- **Try it**: The listing is to be repeated exactly, and its pictures are to be left out.
(Beginning of Input data)
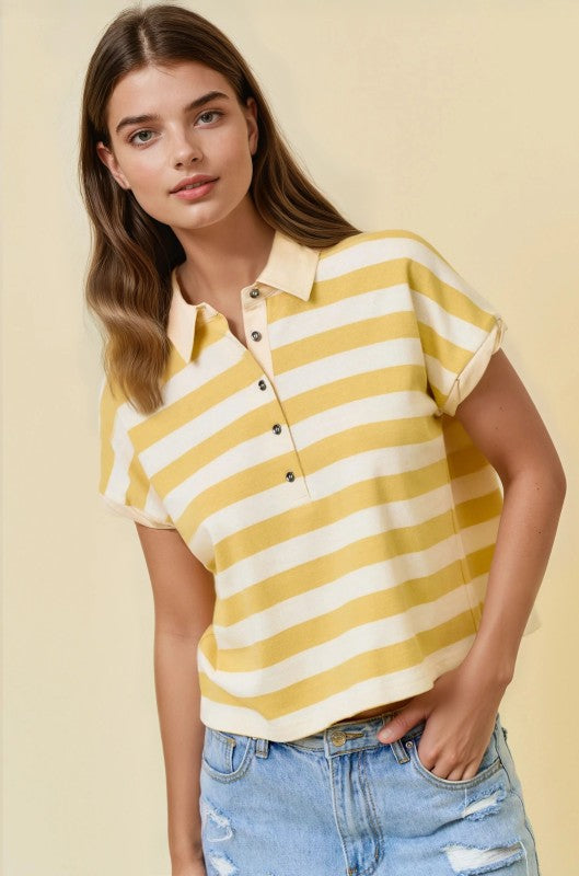 Kara Striped Collared Shirt - Yellow
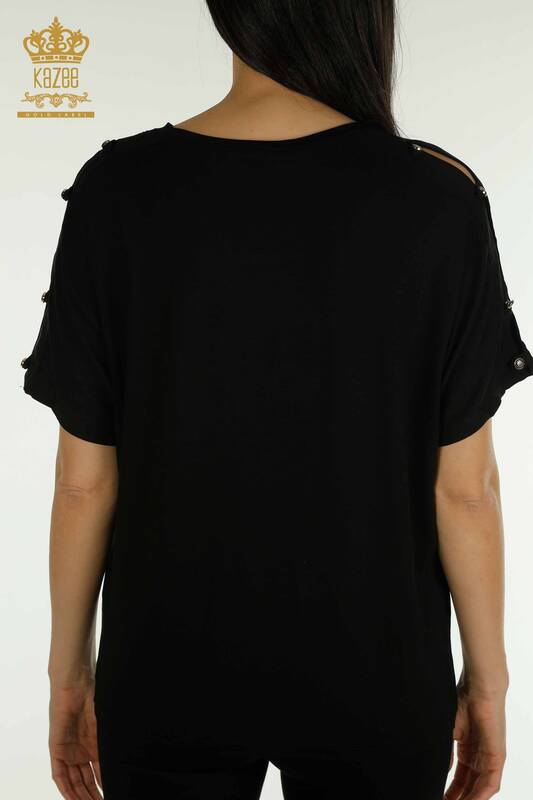 оптовая продажа женская блузка вышитая камнем плечевая пуговица подробный черный - 79221 | КАЗЕЕ
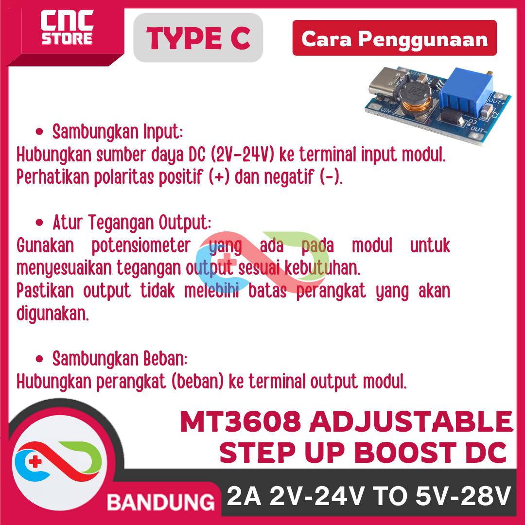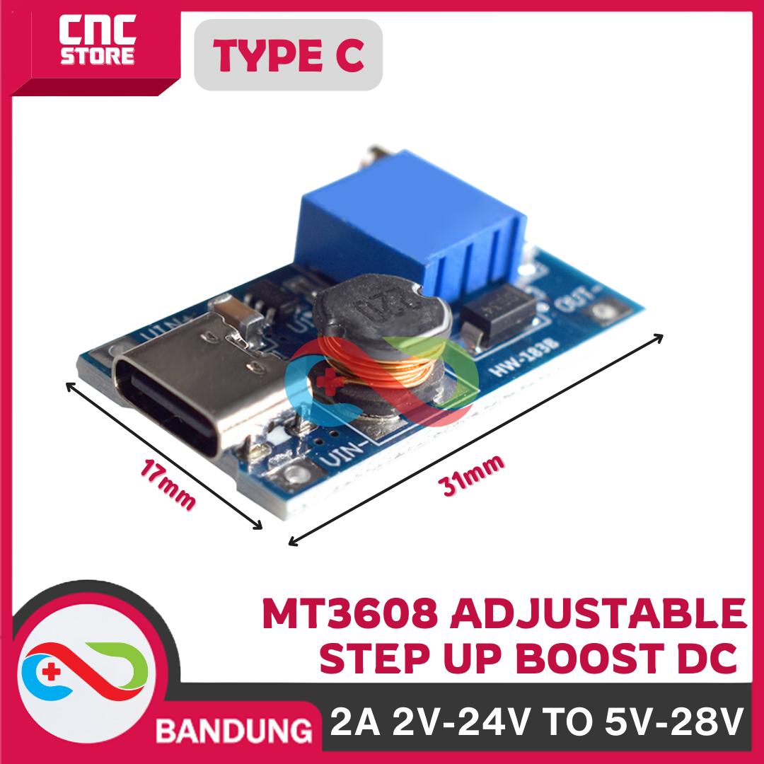 STEP UP MODULE BOOST DC DC TYPE C MT3608 ADJUSTABLE 2A 2V-24V TO 5V-28V
(End of Input data)
- **Exercise answer**:
 Kara Striped Collared Shirt - Yellow
 оптовая продажа женская блузка вышитая камнем плечевая пуговица подробный черный - 79221 | КАЗЕЕ
 STEP UP MODULE BOOST DC DC TYPE C MT3608 ADJUSTABLE 2A 2V-24V TO 5V-28V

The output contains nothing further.